Stalled partway through by the pandemic, the record took six years to make with the help of three friends and co-producers: Richard Bennett, Pieta Brown, and Jim Rooney. It was Pieta Brown who gave the record its final push. “Pieta asked me what had come of the recordings I’d done with Jim and Richard in 2019 and 2020. I told her I’d pretty much given up on trying to make a record. She asked would I mind if she had a listen.
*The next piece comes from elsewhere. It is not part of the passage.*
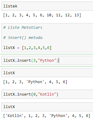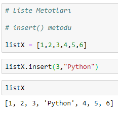 Örneğimizde insert() metodunun en temel kullanımını görüyoruz. insert() metodu iki parametre almaktadır. İlk parametre eklenecek elemanın index değeri, iki parametre ise eklenecek elemanın kendisidir.

So, I had everything we’d done sent over to her, and not long after that I got a text, bouncing with exclamation marks: ‘You have a record and it’s called Workin’ On A World!’” With Bennett back in the studio with them, Brown and DeMent recorded several more songs and put the final touches on the record in Nashville in April of 2022.
The result is a hopeful album — shimmering with brilliant flashes of poignant humor and uplifting tenderness — that speaks the truth, “in the way that truth is always hopeful,” she explains. Reflecting on the lyrics of the song “The Sacred Now” (“see these walls/ let’s bring ‘em on down / it’s not a dream; it’s the sacred now”), DeMent is reminded of Jesus saying the Kingdom of God is within you and the Buddhist activist monk Thich Nhat Hanh saying the rose is in the compost; the compost is in the rose. On Workin’ On A World, Iris DeMent demonstrates that songs are the healing and the healing arises through song.